A Java UI which counts word occurrences in a text file. Results are sorted in alphabetical order and saved in a simple HTML file. With this, you can:
- Search for multiple terms in one go.
- Quickly find misspelt words in large texts
- Sneak into the context around some keywords.
Numbers and bracketed numbers (often reference signs) are listed separately. User can uncheck words, symbols, numbers or custom search terms, thereby shortening the result html file. Scenarios: Unchecking symbols can be useful if a source text contains some mathematical expressions, for example. Unchecking numbers may be helpful if a text contains line numbers.
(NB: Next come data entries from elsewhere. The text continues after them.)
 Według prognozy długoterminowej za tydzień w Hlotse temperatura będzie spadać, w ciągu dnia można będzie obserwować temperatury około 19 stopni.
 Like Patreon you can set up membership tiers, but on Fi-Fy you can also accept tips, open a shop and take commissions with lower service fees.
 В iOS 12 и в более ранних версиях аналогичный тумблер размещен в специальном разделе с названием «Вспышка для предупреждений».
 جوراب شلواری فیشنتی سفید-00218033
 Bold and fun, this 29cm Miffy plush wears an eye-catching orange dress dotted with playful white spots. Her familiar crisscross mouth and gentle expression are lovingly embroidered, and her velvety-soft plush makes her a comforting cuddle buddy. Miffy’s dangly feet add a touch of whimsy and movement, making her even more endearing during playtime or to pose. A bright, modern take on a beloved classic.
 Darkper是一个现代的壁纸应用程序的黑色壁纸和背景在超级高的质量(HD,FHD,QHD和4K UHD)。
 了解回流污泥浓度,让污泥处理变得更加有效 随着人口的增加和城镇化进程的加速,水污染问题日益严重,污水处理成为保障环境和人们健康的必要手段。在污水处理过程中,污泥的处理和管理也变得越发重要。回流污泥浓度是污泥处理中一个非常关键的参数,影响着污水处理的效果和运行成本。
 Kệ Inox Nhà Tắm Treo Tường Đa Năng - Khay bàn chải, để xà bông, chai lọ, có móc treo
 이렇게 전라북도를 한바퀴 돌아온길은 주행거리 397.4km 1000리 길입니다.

With regular expressions, simple filtering for data types similar to ISBN, date or time, URLs or e-mail addresses is done; these tokens are listed separately as well. As regular expressions can be fiddly, I focused on a simple and stable solution so this filtering may not always yield perfect results.
- Filter ISBNs, e-mail addresses or URLs that occur in a long e-mail or messenger thread.
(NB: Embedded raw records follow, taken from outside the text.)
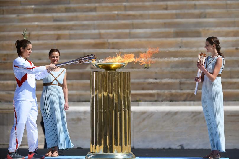 Η τελετή στο Παναθηναϊκό Στάδιο ξεκίνησε με την έπαρση της Ολυμπιακής, της Ιαπωνικής και της Ελληνικής Σημαίας, με την παράλληλη ανάκρουση του Ολυμπιακού Ύμνου και των δύο Εθνικών Ύμνων. Στη συνέχεια, η πρωθιέρεια Ξανθή Γεωργίου, μαζί με μία δεύτερη ιέρεια εισήλθαν στο στάδιο, περιμένοντας τους δύο τελευταίους λαμπαδηδρόμους. Τον χρυσό Ολυμπιονίκη του 2016 στους κρίκους Λευτέρη Πετρούνια και την χρυσή Ολυμπιονίκη στο άλμα επί κοντώ Κατερίνα Στεφανίδη, με την τελευταία να ανάβει το βωμό στο στάδιο.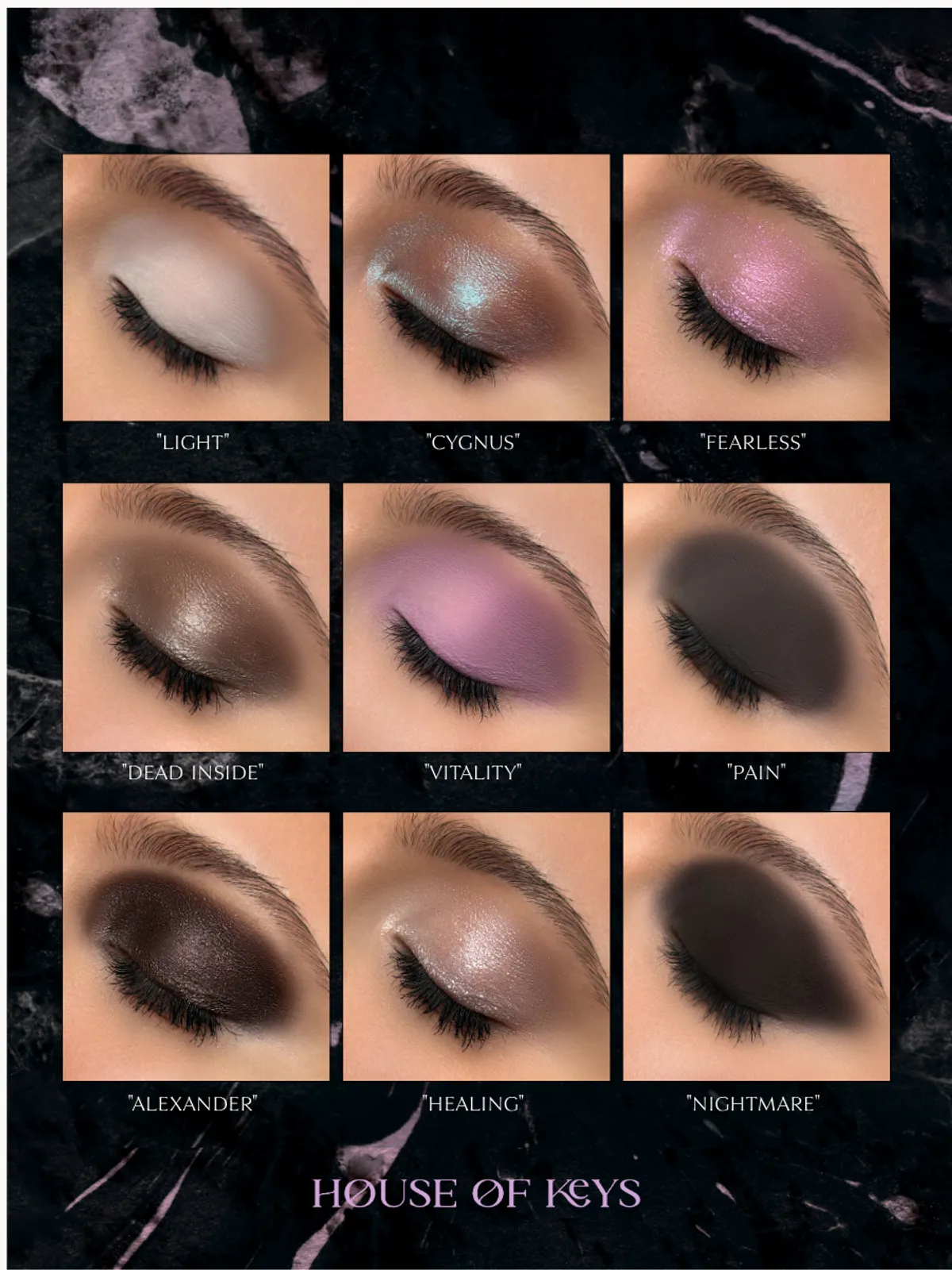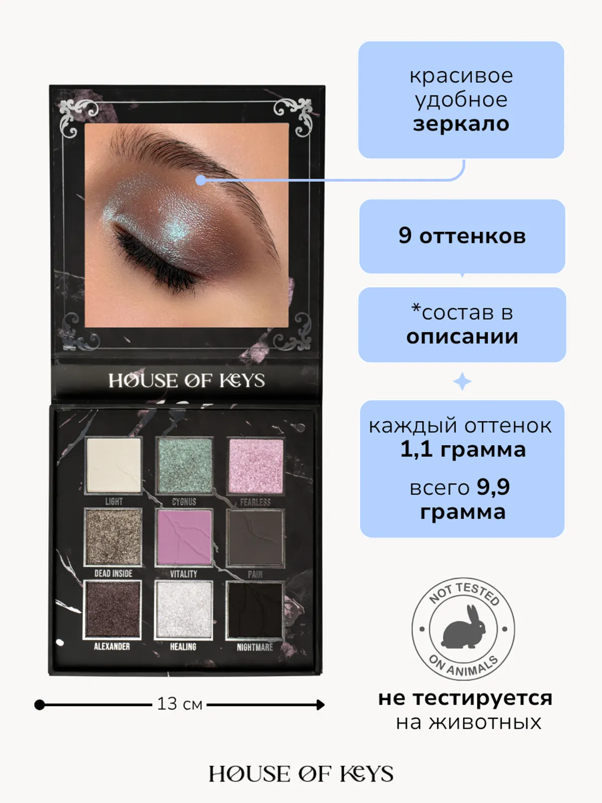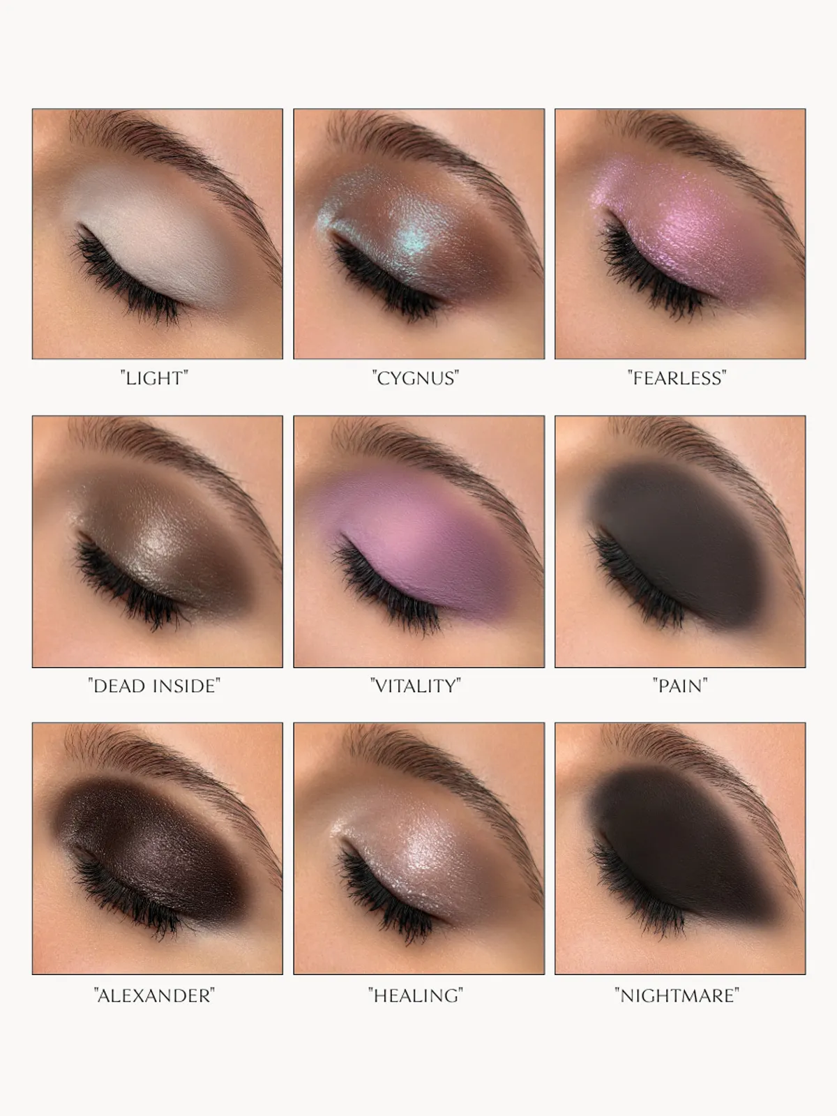 Alexander — полуматовый темно-коричневый сатин, отлично работает как база под оттенок NIGHTMARE для достижения глубого черного цвета в макияже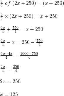 Amount won by winner = x + 250 = 125 + 250 = £375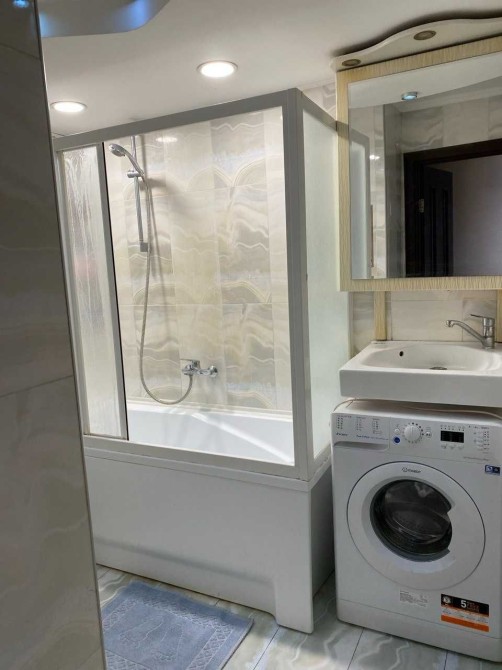 Є всі необхідні меблі та техніка (холодильник Samsung, пральна машина-автомат Indesit, два кондиціонери Samsung та Panasonic, два телевізори Philips та LG, газова поверхня та електродуховка Hotpoint Ariston, газова колонка Junkers, мікрохвильова піч Samsung, електрочайник, праска). Спальне місто – двоспальне ліжко з ортопедичим матрасом.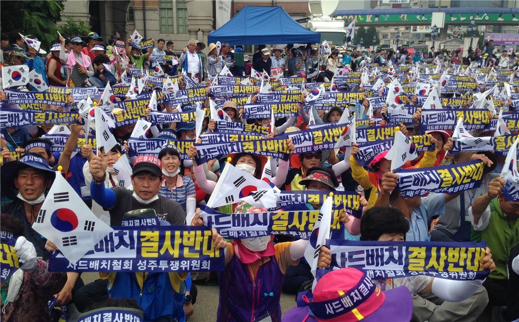 21일 서울역 광장에서 성주군민 2000여명이 사드배치 반대 집회를 하고 있다.

- Have all occurrences of a word or a name in a long thesis been spelt in the same manner?
- Does a text contain a specific search term?
If so, in which context, that is, within which sentence or paragraph, does the search term appear?
The size of the shown text around that search term can be specified by the user.
Open File
: browse to a text file. Set the topic (this will be the HTML title) and the target filename. The ending .html
will be added automatically if missing. Target file will be placed in the same folder as the source text file (folder choice button may be implemented later).
Then click on Start
. Words from the text file are gathered, collected and sorted. Finally, click the button Show Results
to open the result file in a browser.
Basically, the results.html file can be opened with any later browser, e.g. Firefox and Microsoft Edge.
As clickable <details>
tags are used, Internet Explorer is not fully supported. The html source code itself is kept readable so that compatibility issues are minimized.
This way, quick review of an entry by command line tools as well: such as
(Linux only) less results.html | grep <word>
or (Windows command line) type results.html | findstr "1"
. Any suitable editor tool works as well.
To compile, a JDK is required, it will run on a JRE 8 or later.
The jar file can then be used on different platforms including a Raspberry Pi (it has been tested on Raspberry Pi3).